Phase formation, crystal chemistry, and properties in the system Bi 2O 3–Fe 2O 3–Nb 2O 5

Abstract

Subsolidus phase relations have been determined for the Bi 2O 3–Fe 2O 3–Nb 2O 5 system in air (900–1075 °C). Three new ternary phases were observed—Bi 3Fe 0.5Nb 1.5O 9 with an Aurivillius-type structure, and two phases with approximate stoichiometries Bi 17Fe 2Nb 31O 106 and Bi 17Fe 3Nb 30O 105 that appear to be structurally related to Bi 8Nb 18O 57. The fourth ternary phase found in this system is pyrochlore ( A 2 B 2O 6O′), which forms an extensive solid solution region at Bi-deficient stoichiometries (relative to Bi 2FeNbO 7) suggesting that ≈4–15% of the A-sites are occupied by Fe 3+. X-ray powder diffraction data confirmed that all Bi–Fe–Nb–O pyrochlores form with positional displacements, as found for analogous pyrochlores with Zn, Mn, or Co instead of Fe. A structural refinement of the pyrochlore 0.4400:0.2700:0.2900 Bi 2O 3:Fe 2O 3:Nb 2O 5 using neutron powder diffraction data is reported with the A cations displaced (0.43 Å) to 96 g sites and O′ displaced (0.29 Å) to 32 e sites (Bi 1.721Fe 0.190(Fe 0.866Nb 1.134)O 7, Fd3¯ m (#227), a = 10.508 ( 1 ) Å ).
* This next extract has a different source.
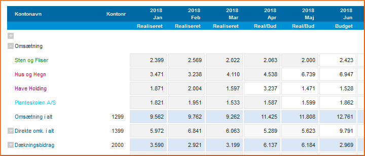 Hvis kontogruppen ikke er foldet ud, så man kan se de enkelte virksomheders bidrag til gruppen, og der er en blanding af budget og realiserede tal for måneden, anvendes en svagere baggrundsfarve, se fx april og maj på Direkte omk. i alt i billedet herover..
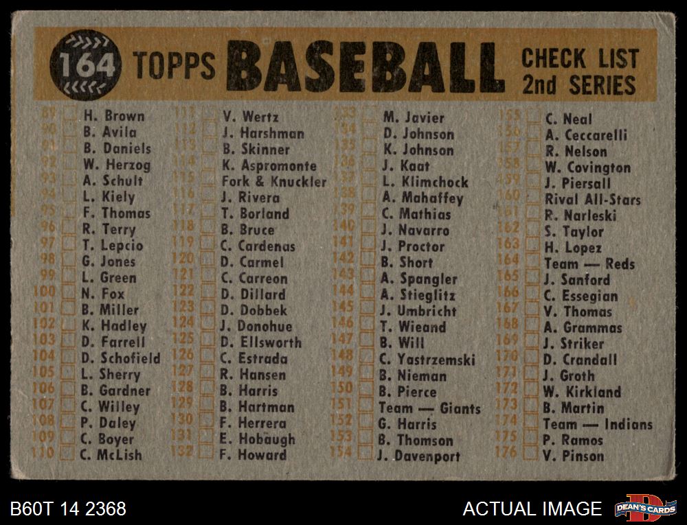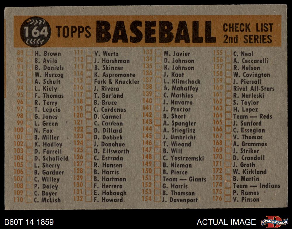1960 Topps #164 Reds Team Checklist 2 - GOOD

This displacive model is somewhat different from that reported for Bi 1.5Zn 0.92Nb 1.5O 6.92, which exhibits twice the concentration of small B-type cations on the A-sites as the Fe system. Bi–Fe–Nb–O pyrochlores exhibited overall paramagnetic behavior with large negative Curie–Weiss temperature intercepts, slight superparamagnetic effects, and depressed observed moments compared to high-spin, spin-only values. The single-phase pyrochlore with composition Bi 1.657Fe 1.092Nb 1.150O 7 exhibited low-temperature dielectric relaxation similar to that observed for Bi 1.5Zn 0.92Nb 1.5O 6.92; at 1 MHz and 200 K the relative permittivity was 125, and above 350 K conductive effects were observed.